• **Work order**
The lines below from the one with "Split molds improve" up to and including the one with "這是照片提供者鍾明珠的父親就" are what you should set down, exactly and without pictures.

☆ ☆ ☆ ☆ ☆ ☆ ☆

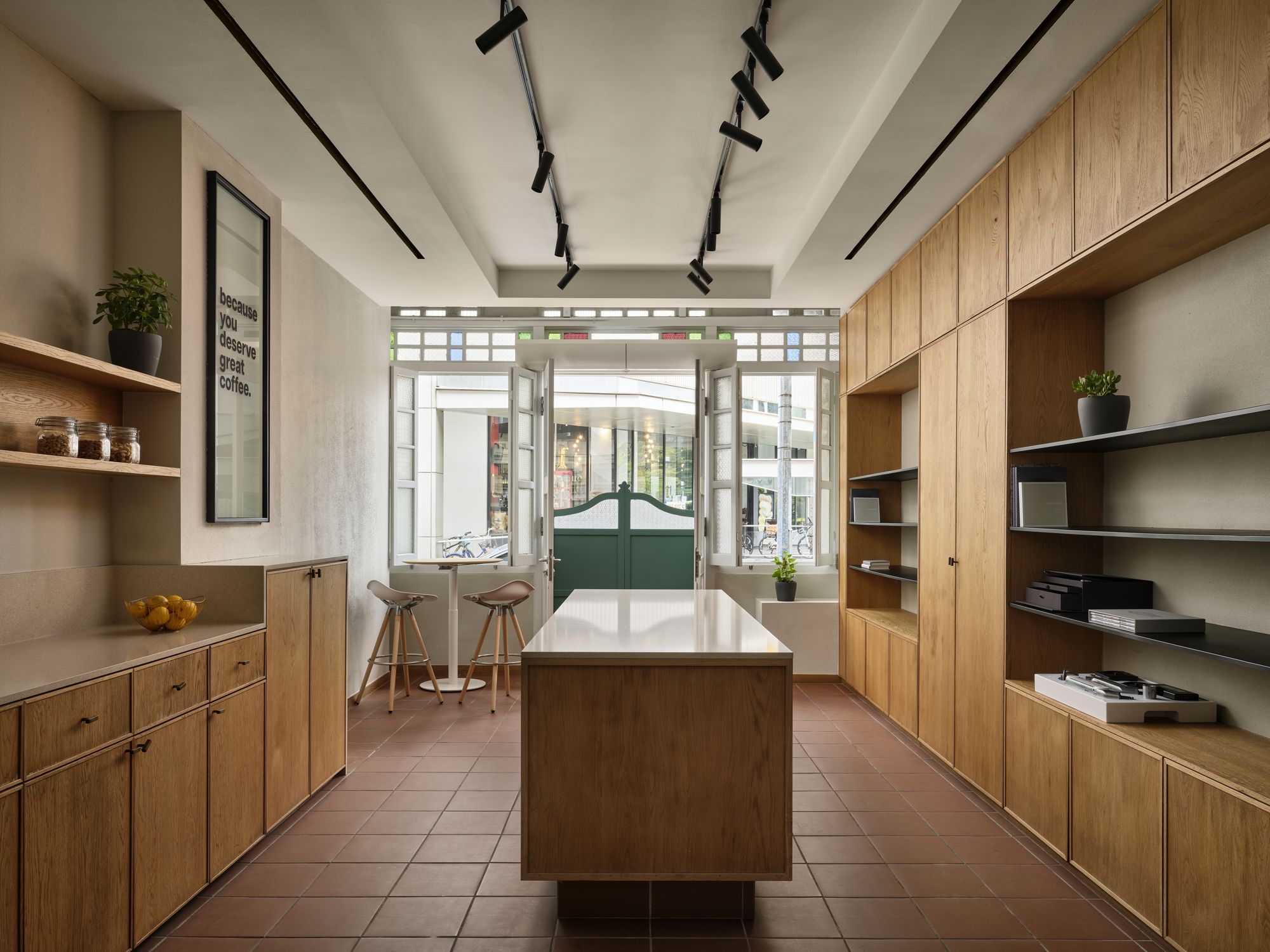 Humanscale的全新空间由两栋店屋贯通而成,构建出既保留历史韵味又满足现代功能的开阔首层格局。空间内嵌两处采光天井,倾泻而下的自然光影与镶嵌传统花窗的彩绘玻璃立面相映成趣,加之横向延展的矩形玻璃窗阵列,共同构筑出温馨通透的街景视觉体验。
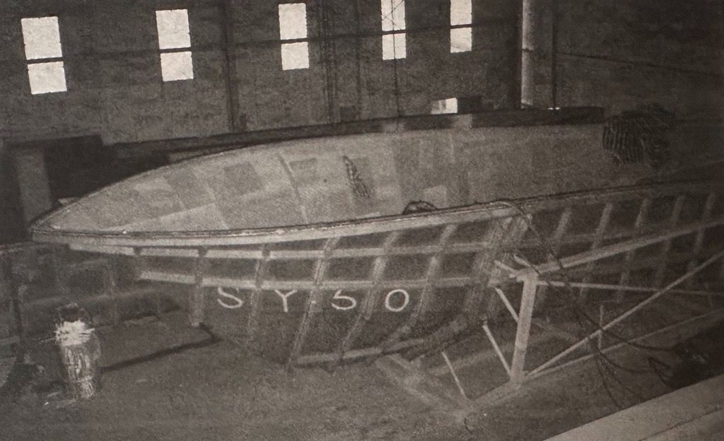 Split molds improve crew access for laminating and coring big hulls but come with their own problems. The two halves of the mold must be aligned very accurately to get the hull shape symmetrical. Look for lots of dowel pins and a good bolt pattern on the flanges that mate the half-hulls. Cross braces running sheer to sheer on uncommon, but often advisable.
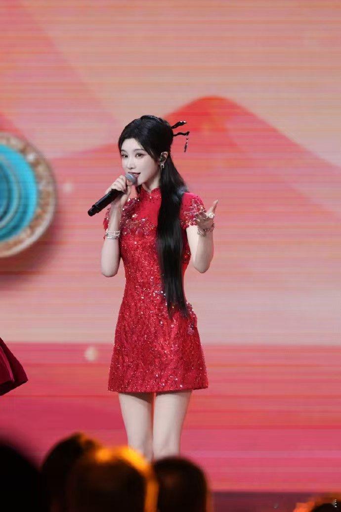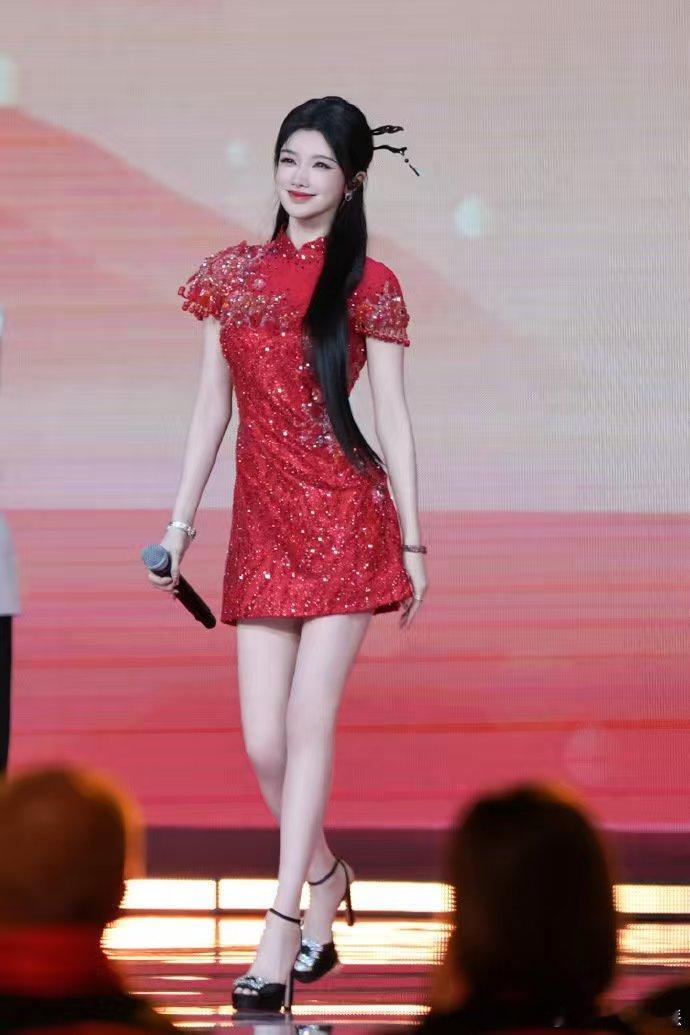 戴燕妮红色闪钻旗袍 哇塞!戴燕妮的红色闪钻旗袍太绝啦,正红色干净利落,满屏闪钻在灯光下闪烁,东方韵味直接拉满!
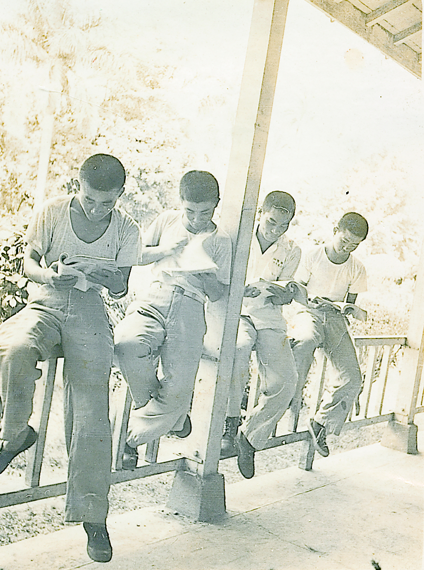 這是照片提供者鍾明珠的父親就讀屏東職業學校時,和同學坐在教室前廊讀書的景象。當時前廊是用木頭圍起來的,大家都把它當成椅子坐,美觀又實用。
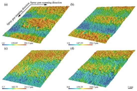 Figure 3. Three-dimensional (3D) profile of the coatings: (a) coating 1, (b) coating 2, (c) coating 3, and (d) coating 4.
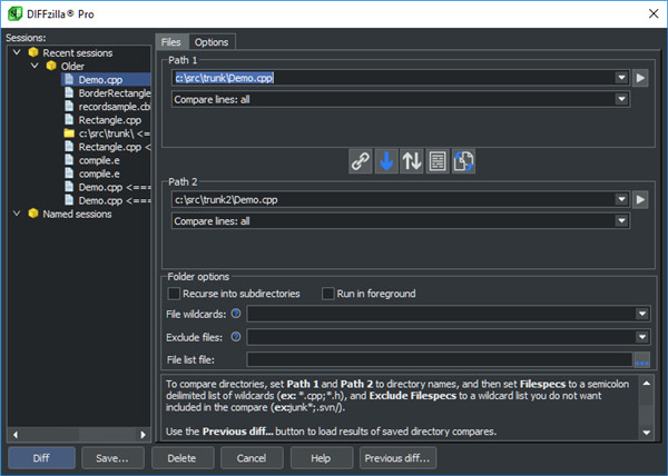 1、新的简化设置对话框。是文件名,还是文件夹名?只需输入,DIFFzilla就会知道了。还有完成和一个菜单来选择文件、文件夹或缓冲区(甚至是未命名的)
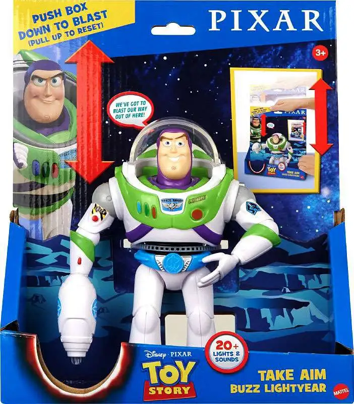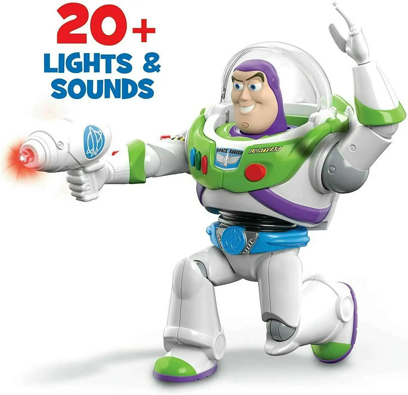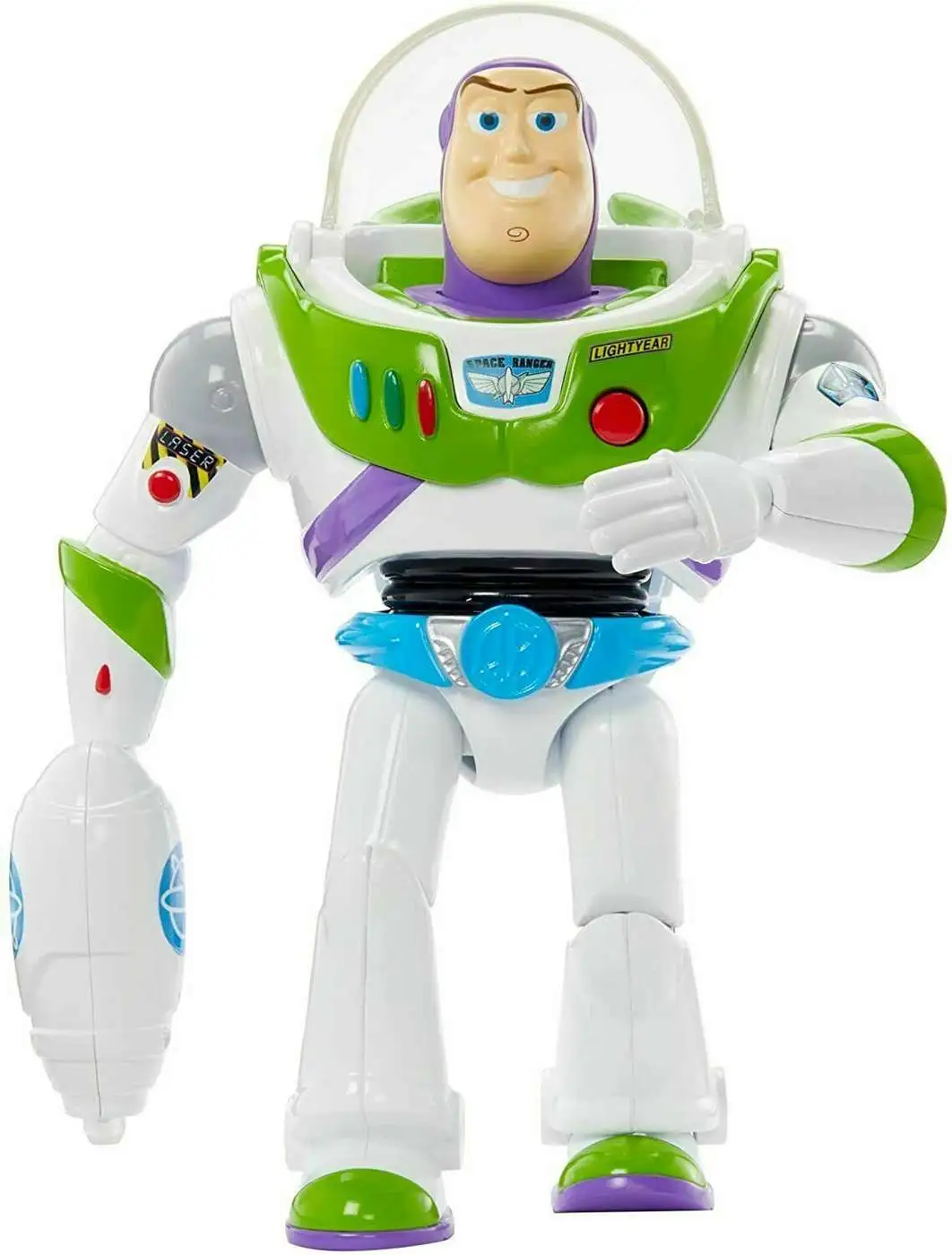Buzz Lightyear is ready to defend the galaxy and take on evildoers with his space ranger standard issue blaster.

☆ ☆ ☆ ☆ ☆ ☆ ☆

• **Exercise response**
 Split molds improve crew access for laminating and coring big hulls but come with their own problems. The two halves of the mold must be aligned very accurately to get the hull shape symmetrical. Look for lots of dowel pins and a good bolt pattern on the flanges that mate the half-hulls. Cross braces running sheer to sheer on uncommon, but often advisable.
 戴燕妮红色闪钻旗袍 哇塞!戴燕妮的红色闪钻旗袍太绝啦,正红色干净利落,满屏闪钻在灯光下闪烁,东方韵味直接拉满!
 這是照片提供者鍾明珠的父親就讀屏東職業學校時,和同學坐在教室前廊讀書的景象。當時前廊是用木頭圍起來的,大家都把它當成椅子坐,美觀又實用。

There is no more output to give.